Clear Sky Science · fr

La fascia du trapèze révèle une capacité mécanosensible et une prédominance d’axones nociceptifs dans la névralgie occipitale

· Retour à l’index

Une source cachée de douleur crânienne

Beaucoup de personnes vivent avec des céphalées perçantes, semblables à des décharges électriques, qui partent du cou et s’étendent sur l’arrière du crâne. Cette affection, appelée névralgie occipitale, peut être si invalidante que les tâches quotidiennes deviennent difficiles. Les chirurgiens peuvent parfois soulager la douleur en libérant des nerfs irrités au niveau du cou, mais les médecins n’ont pas entièrement compris pourquoi ces nerfs deviennent si sensibles. Cette étude examine de près un tissu négligé — la mince nappe de tissu conjonctif recouvrant le haut du dos et le cou, connue sous le nom de fascia du trapèze — pour montrer comment il pourrait détecter le mouvement et amplifier les signaux de douleur chez les personnes atteintes de névralgie occipitale.

Figure 1
Figure 1.

Le casse‑tête douloureux à l’arrière de la tête

La névralgie occipitale survient lorsque les nerfs qui vont de la partie supérieure de la colonne vertébrale jusqu’à l’arrière du cuir chevelu sont irrités ou comprimés. Les patients décrivent souvent des douleurs en coups de poignard, une sensibilité à l’endroit où les nerfs sortent du cou, et des maux de tête résistants aux traitements classiques. Les chirurgiens ont remarqué que, chez beaucoup de ces patients, le fascia recouvrant le muscle trapèze paraît anormalement épaissi autour des nerfs occipitaux grand et petit. Cette observation soulève une question importante : ce fascia comprime‑t‑il simplement les nerfs de l’extérieur, ou joue‑t‑il lui‑même un rôle actif dans la détection et la production de la douleur ?
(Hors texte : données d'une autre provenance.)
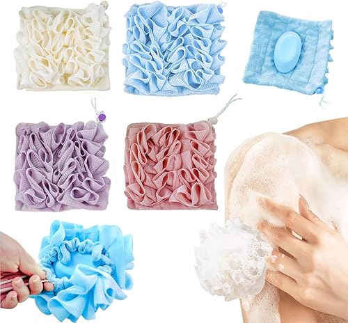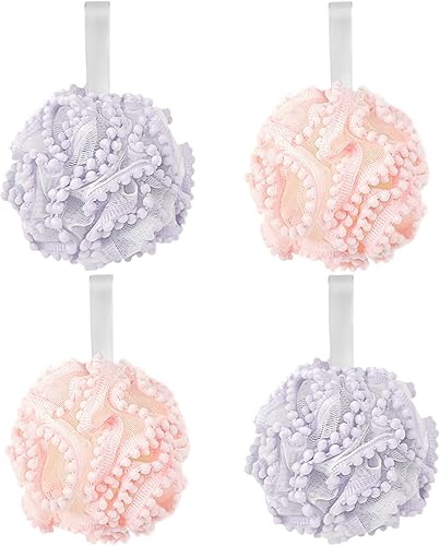 Exfoliating Shower Sponge Ball - 4Pcs Pink & Purple Loofah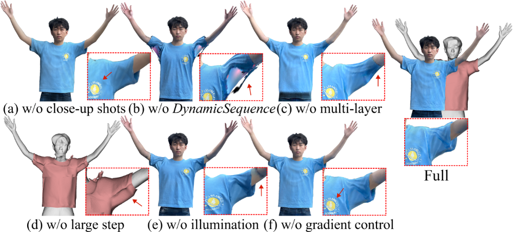 我们进⼀步进⾏了消融实验,以验证系统中各个组成模块对最终效果的影响。实验依次移除关键设计,包括显式服装⽹格、姿态相关的外表建模以及两阶段扫描协议,并在相同条件下⽐较⽣成结果。

Regarder à l’intérieur d’une fine couche de tissu

Pour explorer cela, les chercheurs ont prélevé de petits échantillons de fascia du trapèze chez 18 patients subissant une chirurgie pour névralgie occipitale et chez 10 patients de comparaison opérés de la colonne vertébrale qui ne souffraient pas de céphalées chroniques. Ils ont conservé et tranché les tissus, puis utilisé des marqueurs fluorescents pour mettre en évidence différents types de fibres nerveuses et de structures sensibles à la pression. En examinant les échantillons au microscope confocal à haute résolution et en appliquant une analyse d’image assistée par ordinateur, l’équipe a pu mesurer le nombre de fibres nerveuses présentes, déterminer leurs types et localiser où des molécules liées à la douleur étaient concentrées.

Des nerfs et des capteurs de pression là où on les attendait le moins

Le fascia, longtemps considéré comme un simple enveloppement passif du muscle, s’est révélé richement innervé dans les deux groupes. Dans presque tous les échantillons, l’équipe a trouvé un réseau de fibres nerveuses parcourant le fascia, certaines myélinisées et d’autres non, ainsi que des vaisseaux sanguins et des fibres de collagène. Ils ont aussi découvert des structures spécialisées ressemblant aux récepteurs classiques du toucher et de l’étirement (similaires aux terminaisons de type Pacini et Ruffini trouvées dans la peau), ce qui indique que le fascia peut probablement détecter des forces mécaniques — comme l’étirement, la pression et le mouvement. Cela suggère que le fascia du trapèze n’est pas simplement une nappe structurelle mais un organe sensoriel actif qui transmet des informations au système nerveux.

Figure 2
Figure 2.

Quand la détection se transforme en souffrance

Les différences les plus marquées sont apparues lorsque l’équipe a comparé les détails fins de la chimie nerveuse entre les patients et les témoins. Chez les personnes atteintes de névralgie occipitale, le fascia contenait beaucoup plus de fibres nerveuses associées à la transmission de la douleur. On a observé une augmentation nette des axones portant une molécule appelée CGRP, fortement liée aux voies douloureuses et déjà ciblée dans le traitement de la migraine. La proportion d’axones liés à la douleur à l’intérieur du fascia était d’environ 70 % plus élevée chez les patients que chez les témoins. L’intensité du CGRP dans ces nerfs était également plus grande, ce qui indique que le câblage neuronal du fascia avait basculé vers un état d’amplification de la douleur. De plus, seul le groupe de patients présentait une abondance de fibres nerveuses sympathiques — des nerfs qui aident à réguler le flux sanguin et le tonus tissulaire — suggérant que le stress ou les variations de température pourraient perturber encore davantage ce tissu sensibilisé.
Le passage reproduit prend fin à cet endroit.